There is nothing stopping good quality qualitative research from taking place to add meat to bones and so on so these arguments of justification seem beyond weak and almost like trying it on. Add in the huge risk of perceived coercion, particularly in the area of ME/CFS, and particularly when done by those who are BPSM (as their beliefs are in behavioural treatments like 'remove support', make life hard, 'secondary gains' nonsense, and their sales patter itself they write about people suggesting they are psychosomatic tends to ruin access to medical and other support), and I think that very much needs to be accounted for - I still don't understand why they aren't required in methods to account for how they both made people safe and made them feel they were definitely safe 'to give whatever truth vs 'their right answer''.
 
Last edited:
By far the biggest flaw and biasing element in this methodology: change the people and you change the outcome. That's voting with a few extra steps. A cornerstone of science is, well, exactly the opposite of that.
I guess, but all science has similar problems. As this paper says"
RCTs are a human product and so are influenced by biases in human behaviour.
And meta-analyses can compound the bias.

I think it is possible to do a review with rigour, and for your assumptions to be laid out so clearly that others can challenge them, and conduct sensitivity analyses to see if assuming something else makes a difference.


Evidence-based medicine (EBM) has numerous tools and methods to assess and manage both quality and bias in research concerned with the conduct and reporting of trials, but there are few methods addressing the important question of trustworthiness of data. Trustworthiness incorporates research integrity and governance, including transparent pre-registration of protocols, appropriate ethical approval and transparent data stewardship, and potential research misconduct.1 The latter might include fabrication or falsification of research results, or plagiarism.2
If untrustworthy trials are not identified and removed during the development process of reviews and CPGs, then the conclusions and recommendations of those reviews and guidelines are at risk of being incorrect, with potentially major impact on patient care. This issue is compounded by an academic and publishing system that is generally slow, inefficient and inconsistent in dealing with scientific error, issues of misconduct and research integrity,3 and where mistakes are often uncorrected, raising the likelihood of negative impact.4

The problems with the studies they identified as flawed are summarised:
Key concerns included issues of research governance (lack of study pre-registration, no documentary confirmation of relevant ethical approvals, a lack of sharing of data upon request, distributions of baseline variables that appeared unlikely in the context of random allocation, data anomalies (in particular, duplicate or highly similar results data across unique studies), low to no attrition of participants in some studies and implausible results (extremely large effect sizes diverging from the wider literature).
The authors don't seem to have identified the problem of subjective outcomes in unblinded trials, which surely must have applied to most of these studies.

Here's the chart of the changes in effect size for each of the meta-analyses timepoints, with and without the trials. The right hand scale is an estimated Number Needed to Treat.
Screen Shot 2023-07-20 at 6.11.11 pm.png

Twelve out of 40 statistically significant effects (at the p<0.05 threshold) became non-significant after the removal of studies of interest.
Look how the standard mean difference tends to zero. And that's before taking into account the bias from subjective outcomes in unblinded trials.

A number of the reviews noticed that certain trials were pulling the results in a favourable direction. Some explained this away with speculation that the interventions were somehow superior, rather than checking for the flaws that these authors found.
In 15 of these reviews, authors commented on the fact that studies of interest were outliers in their sample, had very large effects, and/or introduced heterogeneity to the analyses. Of these, the authors of five reviews speculated that the dose, intensity and/or aspects of the content of the intervention in those trials might explain the observed divergence, while the other reviews either did not offer an explanation or stated that the heterogeneity was unexplained.

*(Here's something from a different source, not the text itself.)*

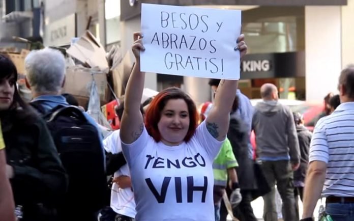 ¿Y tú qué harías si caminando por la calle te encontraras a una persona con una camiseta que diga “TENGO VIH” y un cartel ofreciendo abrazos y besos gratis? ¿La abrazarías o ignorarías la realidad de las cosas?

Same story with the clinical practice guidelines:
Nine CPGs presented narrative syntheses for comparisons that included index trials and one53 conducted a de novo meta-analysis. The interventions of interest were described as multimodal, multidisciplinary or biopsychosocial,49, 51, 55, 56, 57CBT combined with exercise,54 behavioural treatment,48cognitive therapy50or general exercise.52 Table 6 summarises the CPG analyses that included the index trials. All but one made positive recommendations for interventions for which index trials had informed the synthesis. No guideline raised any concerns regarding the veracity of the index trials.
 
Last edited:
In many cases, the exclusion of index trials changed the pooled effects of meta-analyses from moderate-to-large to small or very small effect sizes. These new effect estimates are of questionable clinical significance and, in some cases, excluding index trials shifted effects from statistically significant to non-significant.

We identified a number of CPGs from a range of countries and organisations that included at least one of the index trials and used them to formulate their recommendations. All CPGs made positive recommendations for the interventions for which index trials informed the syntheses. Due to the varied approaches to reporting in CPGs and the dominance of narrative approaches to syntheses, it is often not possible to ascertain the specific contribution of index trials to their conclusions and recommendations. In most included CPGs, it is reasonable to infer that the positive reported findings of the index trials contributed to recommendations that favoured psychological or multimodal therapies. In specific examples, it is clear that the index trials were crucial to such clinical recommendations. The NICE 2016 guideline55clearly shows that two of the index trials7, 9were included in the three trials whose evidence was used for a de novo economic analysis that drove a recommendation for multidisciplinary biopsychosocial rehabilitation for low back pain. It is not unreasonable to speculate that without the index trials such a recommendation would not have been considered appropriate. That the evidence in the NICE guideline5 was directly used in the formulation of the Belgian (KCE)57 guideline further extends that impact.
 
Ah, this is interesting:
Neil O'Connor, the first author
Neil is a Reader in the Physiotherapy Division of the Department of Health Sciences. He divides his time between teaching and research and previously worked as a musculoskeletal physiotherapist. Neil's research interests focus on the evidence based management of persistent pain and he has published extensively in this area. He also leads and teaches modules on clinical research methods and evidence based practice for pre- and post-graduate clinicians.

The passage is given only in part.